* _Records to use_
+ + + + +
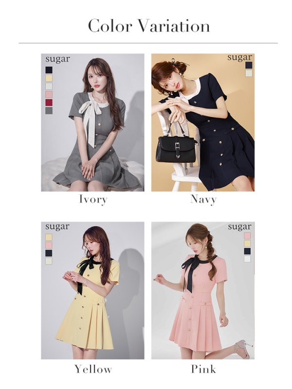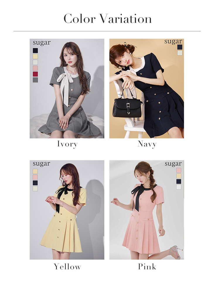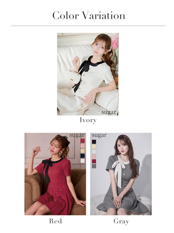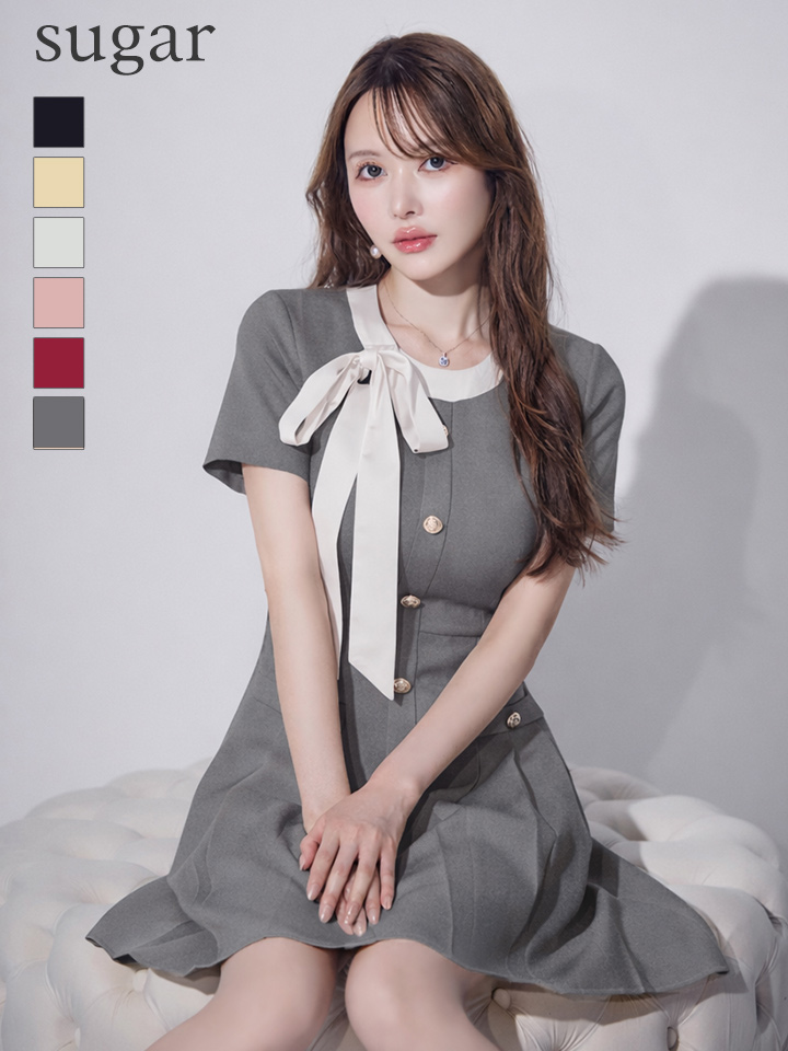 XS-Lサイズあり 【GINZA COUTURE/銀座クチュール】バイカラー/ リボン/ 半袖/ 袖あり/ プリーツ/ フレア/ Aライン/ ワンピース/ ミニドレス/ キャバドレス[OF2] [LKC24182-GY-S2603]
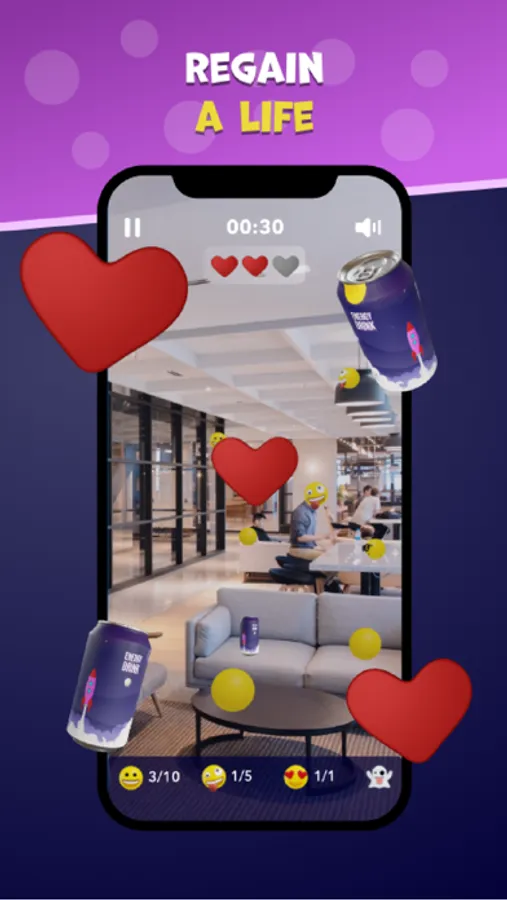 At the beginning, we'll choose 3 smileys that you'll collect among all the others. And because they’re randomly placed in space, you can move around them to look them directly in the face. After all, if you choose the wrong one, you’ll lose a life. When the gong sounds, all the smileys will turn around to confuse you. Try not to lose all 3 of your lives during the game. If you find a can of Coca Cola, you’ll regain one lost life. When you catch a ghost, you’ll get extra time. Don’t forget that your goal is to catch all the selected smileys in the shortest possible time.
+ + + + +
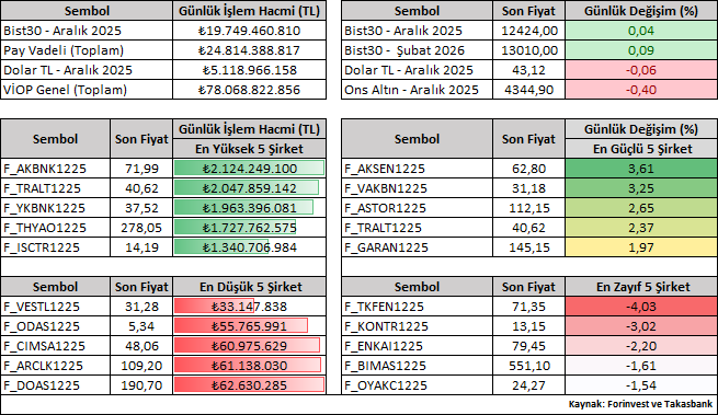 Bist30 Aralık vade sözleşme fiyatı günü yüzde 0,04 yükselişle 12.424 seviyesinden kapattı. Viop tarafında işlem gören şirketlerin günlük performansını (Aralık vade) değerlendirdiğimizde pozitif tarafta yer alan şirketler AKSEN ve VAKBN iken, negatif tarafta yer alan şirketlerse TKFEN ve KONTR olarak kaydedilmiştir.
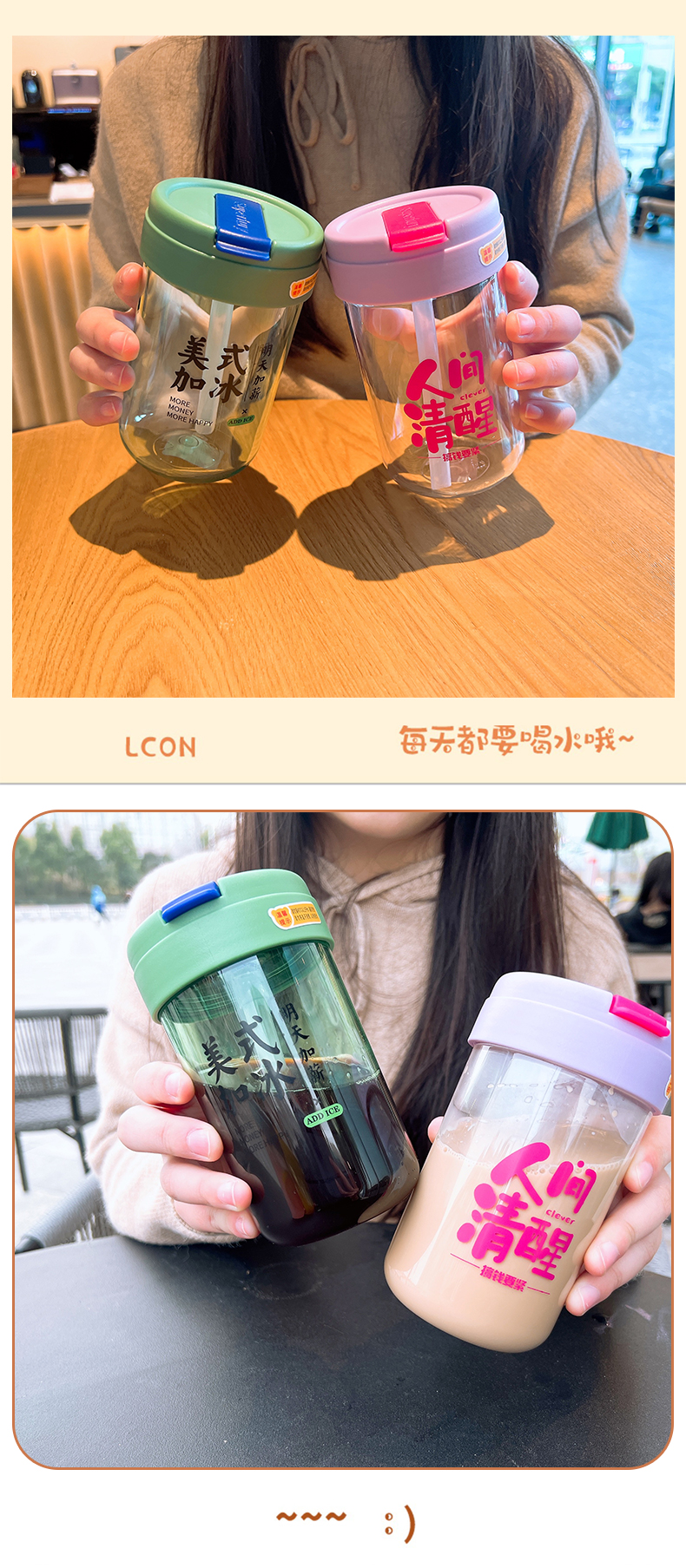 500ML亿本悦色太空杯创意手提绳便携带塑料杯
+ + + + +
Would you output only the span of the records above that opens with the line containing "XS-Lサイズあり 【GINZA COUTURE/銀座クチュール】バイカラー/" and closes with the line containing "At the beginning, we'll", ends included and pictures dropped?

 XS-Lサイズあり 【GINZA COUTURE/銀座クチュール】バイカラー/ リボン/ 半袖/ 袖あり/ プリーツ/ フレア/ Aライン/ ワンピース/ ミニドレス/ キャバドレス[OF2] [LKC24182-GY-S2603]
 At the beginning, we'll choose 3 smileys that you'll collect among all the others. And because they’re randomly placed in space, you can move around them to look them directly in the face. After all, if you choose the wrong one, you’ll lose a life. When the gong sounds, all the smileys will turn around to confuse you. Try not to lose all 3 of your lives during the game. If you find a can of Coca Cola, you’ll regain one lost life. When you catch a ghost, you’ll get extra time. Don’t forget that your goal is to catch all the selected smileys in the shortest possible time.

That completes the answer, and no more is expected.